Last week, we launched version 1.0 of the Modal client. This is a significant milestone for us because it marks a new level of maturity and stability for the Modal platform. We’ve worked to make the client API more robust and predictable, and we expect far fewer breaking changes moving forward.
So what do we mean by “Modal client”? If you’re new to Modal, you can think of Modal in two parts: our client, which is a Python SDK, and our managed cloud platform, which we use to run user workloads around the world.
The client gives developers the ability to access serverless cloud compute from their application code via decorators. Here’s a basic example:
import modal
app = modal.App()
@app.function()
def cloud_function():
...
@app.local_entrypoint()
def main():
cloud_function.remote() # This runs in the cloud!
Developer ergonomics has been a core principle of Modal from the very beginning. Crafting a good developer experience requires making tricky tradeoffs along the way, however. Working towards 1.0 has given us a chance to reflect on our core design principles and some of the major decisions we’ve made along the way.
Design principles for 1.0
1. Avoiding unpredictable magic
We want using Modal to feel a little magical, but “magic” behavior can be a double-edged sword. With 1.0, we’ve intentionally moved away from some of these “magic” behaviors.
One example is our old “automounting” feature. If your App had imports of local packages, we’d automatically find and include them in your Modal deployment. While helpful on the surface, this became unpredictable in many cases. Users could end up with more packages than needed, making deployments slower. Users could also start expecting every file they read to be automatically included, even when that wasn’t the case.
With 1.0, these behaviors are now explicit. You’ll specify exactly what local files and packages are included in your container, apart from the Function’s own package. Your App definition might become more verbose, but the benefit is much more predictable and easy-to-debug behavior.
Before:
# Before: Modal will detect this local import and automount the package
from utils.llm import tokenize
app = modal.App()
@app.function()
def process():
tokenize("some text")
After:
from utils.llm import tokenize
app = modal.App()
# Now: You explicitly add the local utils package to your Image
image = modal.Image.debian_slim().add_local_python_source("utils")

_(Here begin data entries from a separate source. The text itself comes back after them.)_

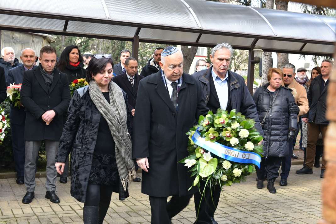 На комеморацијата синоќа се обрати и Ендру Бејкер, директор за меѓународни еврејски работи во Американскиот еврејски комитет и претседател на Меѓународниот советодавен совет на Фондот на холокаустот на Евреите од Македонија и директорот на Меморијалниот центар на холокаустот Горан Садикаријо, кој ја отвори изложбата „Живот“ посветена на преживеаните Евреи кои ја возобновиле заедницата и придонеле во градењето на повоената држава.
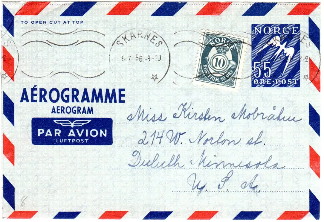 Norwegen 1956, 10 öre on 55 öre Aerogramme stationery from Skarnes to US
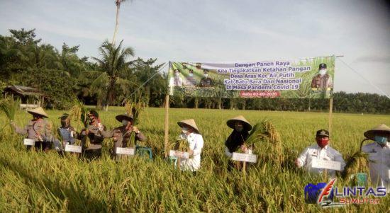 Lintas Sumut | Batu Bara – Bupati Batu Bara Ir. Zahir MAP dan Kapolres Batu Bara AKBP Ikhwan Lubis SH. MH melaksanakan potong padi pada acara Panen Raya dalam meningkatkan
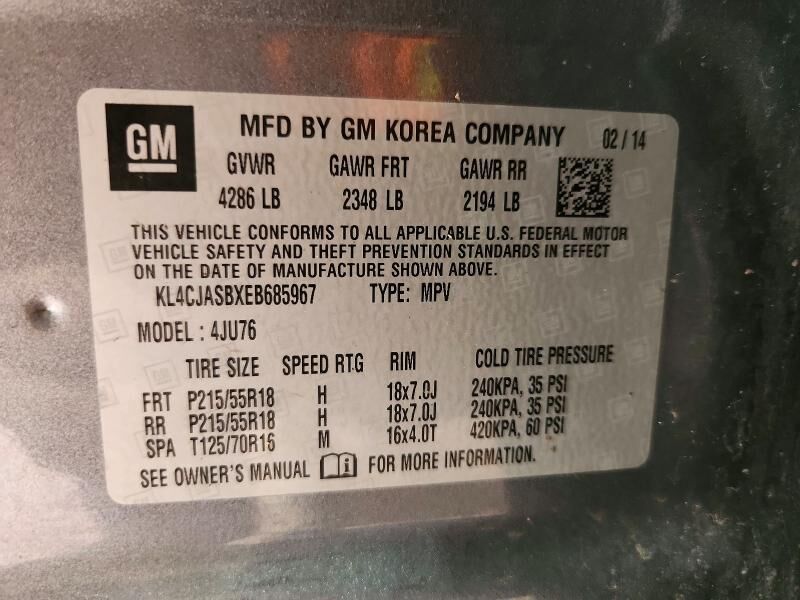 VIN KL4CJASBXEB685967 may have been

@app.function(image=image)
def process():
tokenize("some text")
2. Separating core functionality from additional concepts
As the number of use cases powered by Modal grows, so does the number of concepts, and thus also the need for organizing them in a scalable way. We want to be able to add new features without making it harder to understand the basics.
After adding many new parameters to the @app.function
decorator, we’ve recognized that trying to put every possible configuration into a single decorator quickly becomes unwieldy. Going forward, we’ll be clearly separating core functionality from additional concepts by splitting them up over separate decorators. An example of this is the new @modal.concurrent
decorator, which lets you express concurrency patterns independently from the configuration in @app.function
.
This pattern also allows us to add config options that are specific to each decorator, such as target_inputs
in the code snippet below.
Before:
@app.function(allow_concurrent_inputs=1000)
def f(...):
...
After:
@app.function()
@modal.concurrent(max_inputs=1200, target_inputs=1000) # Let concurrency spike during scaleup
def f(...):
...
3. One canonical path
We believe in providing clear paths for users to accomplish common tasks. This means reducing redundant methods for similar actions, simplifying the mental model for developers.
One example is how local files are brought into your Modal container. Previously, you could either specify them in your image setup or pass a modal.Mount
directly in your Function configuration. This meant that two distinct object types were responsible for bringing local assets into the remote environment. We’ve now moved all of this functionality under the modal.Image
class. This aligns with Modal’s core promise of abstracting the container environment: everything related to the container filesystem and its initial state is now managed explicitly and consistently within the Image
definition. The Image
class already had robust ways to bring over local data, so consolidating here provides a more coherent experience.
# The below two Function definitions accomplished the same thing, so we're deprecating the former
mount = modal.Mount.from_local_dir("data").add_local_file("config.yaml")
@app.function(image=image, mount=mount)
def f():
...
image = image.add_local_dir("data").add_local_file("config.yaml")
@app.function(image=image)
def g():
...
A more predictable client release cycle
You’ll also notice a shift in our client release cycle. We’ll be batching updates together so it’s easier for you to quickly see what’s new and decide when to upgrade. This gives you more predictability and control over your development environment. You’ll always be able to see what changes we’ve made in our changelog.
What’s next?
Modal 1.0 is a significant milestone, but it’s just the beginning. There are a couple of particularly exciting directions we’re taking the client SDK. One is creating SDKs for other languages, which we’ve made good progress on already. The other is exploring the distinction between Modal as a software tool for humans versus a tool for agents. What does it mean to have good ergonomics in a world where development is mediated by AI tools? How can we adapt the platform to better serve the unique needs of AI-driven workflows?
We think you’ll appreciate the stability and clarity that Modal 1.0 brings, and we hope this release will make building with Modal even more productive. For detailed instructions on how to migrate to 1.0, check out the 1.0 release notes and our migration guide.